(Dataset items)
-- Opening Marker --

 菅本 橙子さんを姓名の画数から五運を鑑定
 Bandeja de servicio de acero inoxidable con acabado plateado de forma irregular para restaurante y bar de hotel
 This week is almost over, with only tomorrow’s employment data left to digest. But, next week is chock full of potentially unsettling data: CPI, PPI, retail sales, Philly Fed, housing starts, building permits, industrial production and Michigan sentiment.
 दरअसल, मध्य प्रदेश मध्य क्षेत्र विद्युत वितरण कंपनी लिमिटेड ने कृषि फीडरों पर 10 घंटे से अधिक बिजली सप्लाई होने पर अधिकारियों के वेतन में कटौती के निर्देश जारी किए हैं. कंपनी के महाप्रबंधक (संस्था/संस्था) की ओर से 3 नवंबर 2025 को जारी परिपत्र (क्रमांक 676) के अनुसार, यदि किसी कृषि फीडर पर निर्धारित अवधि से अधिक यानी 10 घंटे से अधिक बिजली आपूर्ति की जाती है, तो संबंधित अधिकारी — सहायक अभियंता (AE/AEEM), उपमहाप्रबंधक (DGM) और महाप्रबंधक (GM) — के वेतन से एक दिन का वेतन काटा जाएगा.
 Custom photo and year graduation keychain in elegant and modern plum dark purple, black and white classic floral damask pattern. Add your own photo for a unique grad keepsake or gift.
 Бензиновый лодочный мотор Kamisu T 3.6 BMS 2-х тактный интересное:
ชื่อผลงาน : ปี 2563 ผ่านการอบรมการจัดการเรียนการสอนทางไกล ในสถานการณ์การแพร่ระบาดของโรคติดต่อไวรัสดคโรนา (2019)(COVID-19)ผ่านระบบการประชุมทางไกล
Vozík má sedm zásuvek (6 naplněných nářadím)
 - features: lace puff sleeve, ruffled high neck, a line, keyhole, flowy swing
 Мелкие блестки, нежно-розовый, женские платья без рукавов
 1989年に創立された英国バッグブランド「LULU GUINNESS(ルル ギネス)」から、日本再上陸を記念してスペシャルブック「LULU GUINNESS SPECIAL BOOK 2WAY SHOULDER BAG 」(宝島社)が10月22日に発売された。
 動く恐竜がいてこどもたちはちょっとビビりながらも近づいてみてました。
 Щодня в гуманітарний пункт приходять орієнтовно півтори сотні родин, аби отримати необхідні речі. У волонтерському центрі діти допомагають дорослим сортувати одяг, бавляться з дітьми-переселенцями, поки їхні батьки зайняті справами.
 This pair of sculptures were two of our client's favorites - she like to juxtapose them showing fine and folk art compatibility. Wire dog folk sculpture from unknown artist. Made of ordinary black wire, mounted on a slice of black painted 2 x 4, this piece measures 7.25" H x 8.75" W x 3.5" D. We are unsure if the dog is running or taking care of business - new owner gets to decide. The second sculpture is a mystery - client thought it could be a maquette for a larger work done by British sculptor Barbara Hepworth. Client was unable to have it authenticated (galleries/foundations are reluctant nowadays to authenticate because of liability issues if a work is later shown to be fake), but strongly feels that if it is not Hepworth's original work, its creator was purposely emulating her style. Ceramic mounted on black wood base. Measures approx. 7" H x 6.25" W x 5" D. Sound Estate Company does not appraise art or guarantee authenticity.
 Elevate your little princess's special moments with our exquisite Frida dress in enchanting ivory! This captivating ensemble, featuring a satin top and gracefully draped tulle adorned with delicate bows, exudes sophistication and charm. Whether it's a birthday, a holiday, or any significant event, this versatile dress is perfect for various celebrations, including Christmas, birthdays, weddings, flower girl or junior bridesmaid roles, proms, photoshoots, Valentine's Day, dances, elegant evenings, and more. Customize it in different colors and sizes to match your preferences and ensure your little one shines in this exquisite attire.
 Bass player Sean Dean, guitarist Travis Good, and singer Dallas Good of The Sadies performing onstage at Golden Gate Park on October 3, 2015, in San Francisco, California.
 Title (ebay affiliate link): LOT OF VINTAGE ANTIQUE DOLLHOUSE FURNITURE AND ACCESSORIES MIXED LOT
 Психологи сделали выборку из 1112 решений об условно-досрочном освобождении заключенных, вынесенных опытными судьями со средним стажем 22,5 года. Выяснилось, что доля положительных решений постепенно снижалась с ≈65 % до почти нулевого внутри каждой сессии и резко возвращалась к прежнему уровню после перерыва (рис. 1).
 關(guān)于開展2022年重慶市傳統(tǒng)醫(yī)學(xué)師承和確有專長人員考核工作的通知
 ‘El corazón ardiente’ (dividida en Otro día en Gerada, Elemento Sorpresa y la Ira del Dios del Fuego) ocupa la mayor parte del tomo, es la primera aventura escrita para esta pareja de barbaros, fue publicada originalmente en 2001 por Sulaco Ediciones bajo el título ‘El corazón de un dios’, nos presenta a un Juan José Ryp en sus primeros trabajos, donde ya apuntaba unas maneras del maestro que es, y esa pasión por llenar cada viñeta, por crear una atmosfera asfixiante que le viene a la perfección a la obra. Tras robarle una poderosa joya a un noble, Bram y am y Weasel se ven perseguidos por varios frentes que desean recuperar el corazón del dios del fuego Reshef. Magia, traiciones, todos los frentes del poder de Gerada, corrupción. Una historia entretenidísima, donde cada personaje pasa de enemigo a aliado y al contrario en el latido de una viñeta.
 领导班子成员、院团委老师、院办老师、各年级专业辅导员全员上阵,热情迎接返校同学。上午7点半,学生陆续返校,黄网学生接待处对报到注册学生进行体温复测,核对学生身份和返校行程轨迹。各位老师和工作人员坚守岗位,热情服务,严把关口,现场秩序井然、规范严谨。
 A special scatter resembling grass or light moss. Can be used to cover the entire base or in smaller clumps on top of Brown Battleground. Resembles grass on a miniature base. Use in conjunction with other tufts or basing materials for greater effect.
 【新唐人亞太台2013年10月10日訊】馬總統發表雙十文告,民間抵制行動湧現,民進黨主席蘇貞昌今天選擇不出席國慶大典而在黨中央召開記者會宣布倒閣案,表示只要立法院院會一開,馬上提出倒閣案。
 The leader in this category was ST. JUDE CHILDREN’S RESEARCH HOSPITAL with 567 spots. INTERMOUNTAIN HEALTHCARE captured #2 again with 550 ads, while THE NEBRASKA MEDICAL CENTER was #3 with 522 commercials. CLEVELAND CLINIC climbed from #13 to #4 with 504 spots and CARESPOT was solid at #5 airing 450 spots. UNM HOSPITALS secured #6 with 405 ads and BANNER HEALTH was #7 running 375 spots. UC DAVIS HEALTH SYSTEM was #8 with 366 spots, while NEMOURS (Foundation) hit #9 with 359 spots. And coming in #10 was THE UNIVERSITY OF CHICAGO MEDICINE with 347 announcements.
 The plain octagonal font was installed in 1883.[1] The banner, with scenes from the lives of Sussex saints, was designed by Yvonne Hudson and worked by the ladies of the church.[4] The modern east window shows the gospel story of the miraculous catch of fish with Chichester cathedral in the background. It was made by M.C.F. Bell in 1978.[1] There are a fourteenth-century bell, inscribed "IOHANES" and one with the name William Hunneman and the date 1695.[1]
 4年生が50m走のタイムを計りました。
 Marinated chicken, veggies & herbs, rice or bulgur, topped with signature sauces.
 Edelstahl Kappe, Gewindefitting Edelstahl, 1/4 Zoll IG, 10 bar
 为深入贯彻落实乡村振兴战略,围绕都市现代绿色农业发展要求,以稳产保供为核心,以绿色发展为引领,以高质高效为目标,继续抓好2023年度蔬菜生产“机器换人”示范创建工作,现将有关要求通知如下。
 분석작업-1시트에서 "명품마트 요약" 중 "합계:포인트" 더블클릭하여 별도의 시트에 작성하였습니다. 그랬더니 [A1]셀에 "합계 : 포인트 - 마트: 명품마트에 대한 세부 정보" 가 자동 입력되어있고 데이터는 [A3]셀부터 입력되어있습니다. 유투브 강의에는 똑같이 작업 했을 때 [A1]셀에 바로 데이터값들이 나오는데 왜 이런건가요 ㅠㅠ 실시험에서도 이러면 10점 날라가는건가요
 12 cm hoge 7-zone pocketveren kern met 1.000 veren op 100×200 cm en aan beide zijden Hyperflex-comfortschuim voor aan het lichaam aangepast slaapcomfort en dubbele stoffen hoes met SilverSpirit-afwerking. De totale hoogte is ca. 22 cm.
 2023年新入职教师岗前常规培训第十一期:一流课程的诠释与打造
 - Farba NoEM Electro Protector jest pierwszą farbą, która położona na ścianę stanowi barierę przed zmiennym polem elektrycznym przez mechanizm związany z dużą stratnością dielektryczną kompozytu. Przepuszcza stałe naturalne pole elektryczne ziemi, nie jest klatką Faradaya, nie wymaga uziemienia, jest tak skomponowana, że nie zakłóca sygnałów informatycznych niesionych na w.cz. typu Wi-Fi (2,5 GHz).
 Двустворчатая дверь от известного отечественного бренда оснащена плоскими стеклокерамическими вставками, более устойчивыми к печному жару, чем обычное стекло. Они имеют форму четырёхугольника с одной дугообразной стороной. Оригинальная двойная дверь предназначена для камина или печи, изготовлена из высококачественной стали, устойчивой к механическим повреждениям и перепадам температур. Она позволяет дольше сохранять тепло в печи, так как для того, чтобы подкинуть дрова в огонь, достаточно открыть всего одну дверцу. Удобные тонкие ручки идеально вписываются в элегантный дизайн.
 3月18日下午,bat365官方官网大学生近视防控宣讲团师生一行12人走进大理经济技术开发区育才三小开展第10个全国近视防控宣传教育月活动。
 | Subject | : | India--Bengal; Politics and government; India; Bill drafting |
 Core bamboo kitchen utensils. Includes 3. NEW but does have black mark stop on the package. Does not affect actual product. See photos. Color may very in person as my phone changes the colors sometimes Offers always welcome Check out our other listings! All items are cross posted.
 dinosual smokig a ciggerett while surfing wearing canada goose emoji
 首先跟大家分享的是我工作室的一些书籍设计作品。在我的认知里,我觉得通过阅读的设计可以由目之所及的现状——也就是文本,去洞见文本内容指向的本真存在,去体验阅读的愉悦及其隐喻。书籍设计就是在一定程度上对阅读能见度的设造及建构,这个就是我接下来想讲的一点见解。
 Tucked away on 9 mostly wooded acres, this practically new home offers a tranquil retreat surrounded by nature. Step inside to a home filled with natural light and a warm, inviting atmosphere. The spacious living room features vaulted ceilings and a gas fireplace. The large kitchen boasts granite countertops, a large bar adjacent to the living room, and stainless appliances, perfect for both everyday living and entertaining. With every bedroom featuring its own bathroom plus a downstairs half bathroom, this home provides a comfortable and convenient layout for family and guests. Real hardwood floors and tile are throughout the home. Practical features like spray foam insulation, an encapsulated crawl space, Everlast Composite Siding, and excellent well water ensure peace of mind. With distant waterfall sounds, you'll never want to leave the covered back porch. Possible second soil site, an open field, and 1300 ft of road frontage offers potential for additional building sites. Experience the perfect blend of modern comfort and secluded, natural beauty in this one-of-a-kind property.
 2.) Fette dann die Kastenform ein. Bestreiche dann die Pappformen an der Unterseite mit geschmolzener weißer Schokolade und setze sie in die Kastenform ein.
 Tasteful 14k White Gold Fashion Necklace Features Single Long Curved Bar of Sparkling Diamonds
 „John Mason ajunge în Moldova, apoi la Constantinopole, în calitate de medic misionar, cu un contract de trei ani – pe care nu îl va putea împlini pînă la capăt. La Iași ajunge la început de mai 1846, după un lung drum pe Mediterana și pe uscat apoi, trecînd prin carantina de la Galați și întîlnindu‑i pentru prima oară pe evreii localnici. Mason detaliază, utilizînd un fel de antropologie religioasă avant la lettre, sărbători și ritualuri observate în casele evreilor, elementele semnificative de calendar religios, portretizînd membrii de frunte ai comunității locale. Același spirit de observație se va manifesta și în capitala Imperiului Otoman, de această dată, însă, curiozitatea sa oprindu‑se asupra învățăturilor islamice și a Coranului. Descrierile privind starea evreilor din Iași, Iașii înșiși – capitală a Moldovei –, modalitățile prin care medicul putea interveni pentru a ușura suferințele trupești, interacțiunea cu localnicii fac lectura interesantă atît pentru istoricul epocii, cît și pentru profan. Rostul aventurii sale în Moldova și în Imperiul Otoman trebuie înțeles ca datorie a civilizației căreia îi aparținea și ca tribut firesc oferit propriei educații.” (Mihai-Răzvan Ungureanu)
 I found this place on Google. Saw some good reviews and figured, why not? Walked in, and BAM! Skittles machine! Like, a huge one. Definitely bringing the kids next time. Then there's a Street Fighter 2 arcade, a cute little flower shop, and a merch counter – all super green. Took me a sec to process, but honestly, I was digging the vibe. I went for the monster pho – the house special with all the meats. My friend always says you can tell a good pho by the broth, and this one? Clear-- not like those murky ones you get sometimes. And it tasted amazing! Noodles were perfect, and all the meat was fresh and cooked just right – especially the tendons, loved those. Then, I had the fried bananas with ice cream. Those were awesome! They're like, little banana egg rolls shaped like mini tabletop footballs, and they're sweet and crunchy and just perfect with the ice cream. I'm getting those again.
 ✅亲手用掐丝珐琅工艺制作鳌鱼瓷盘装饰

-- Closing Marker --

### Exercise details:
Please copy only these lines, exactly: the first line of the records through the line containing "Щодня в гуманітарний", ends included.

### Output for this exercise:
 菅本 橙子さんを姓名の画数から五運を鑑定
 Bandeja de servicio de acero inoxidable con acabado plateado de forma irregular para restaurante y bar de hotel
 This week is almost over, with only tomorrow’s employment data left to digest. But, next week is chock full of potentially unsettling data: CPI, PPI, retail sales, Philly Fed, housing starts, building permits, industrial production and Michigan sentiment.
 दरअसल, मध्य प्रदेश मध्य क्षेत्र विद्युत वितरण कंपनी लिमिटेड ने कृषि फीडरों पर 10 घंटे से अधिक बिजली सप्लाई होने पर अधिकारियों के वेतन में कटौती के निर्देश जारी किए हैं. कंपनी के महाप्रबंधक (संस्था/संस्था) की ओर से 3 नवंबर 2025 को जारी परिपत्र (क्रमांक 676) के अनुसार, यदि किसी कृषि फीडर पर निर्धारित अवधि से अधिक यानी 10 घंटे से अधिक बिजली आपूर्ति की जाती है, तो संबंधित अधिकारी — सहायक अभियंता (AE/AEEM), उपमहाप्रबंधक (DGM) और महाप्रबंधक (GM) — के वेतन से एक दिन का वेतन काटा जाएगा.
 Custom photo and year graduation keychain in elegant and modern plum dark purple, black and white classic floral damask pattern. Add your own photo for a unique grad keepsake or gift.
 Бензиновый лодочный мотор Kamisu T 3.6 BMS 2-х тактный интересное:
ชื่อผลงาน : ปี 2563 ผ่านการอบรมการจัดการเรียนการสอนทางไกล ในสถานการณ์การแพร่ระบาดของโรคติดต่อไวรัสดคโรนา (2019)(COVID-19)ผ่านระบบการประชุมทางไกล
Vozík má sedm zásuvek (6 naplněných nářadím)
 - features: lace puff sleeve, ruffled high neck, a line, keyhole, flowy swing
 Мелкие блестки, нежно-розовый, женские платья без рукавов
 1989年に創立された英国バッグブランド「LULU GUINNESS(ルル ギネス)」から、日本再上陸を記念してスペシャルブック「LULU GUINNESS SPECIAL BOOK 2WAY SHOULDER BAG 」(宝島社)が10月22日に発売された。
 動く恐竜がいてこどもたちはちょっとビビりながらも近づいてみてました。
 Щодня в гуманітарний пункт приходять орієнтовно півтори сотні родин, аби отримати необхідні речі. У волонтерському центрі діти допомагають дорослим сортувати одяг, бавляться з дітьми-переселенцями, поки їхні батьки зайняті справами.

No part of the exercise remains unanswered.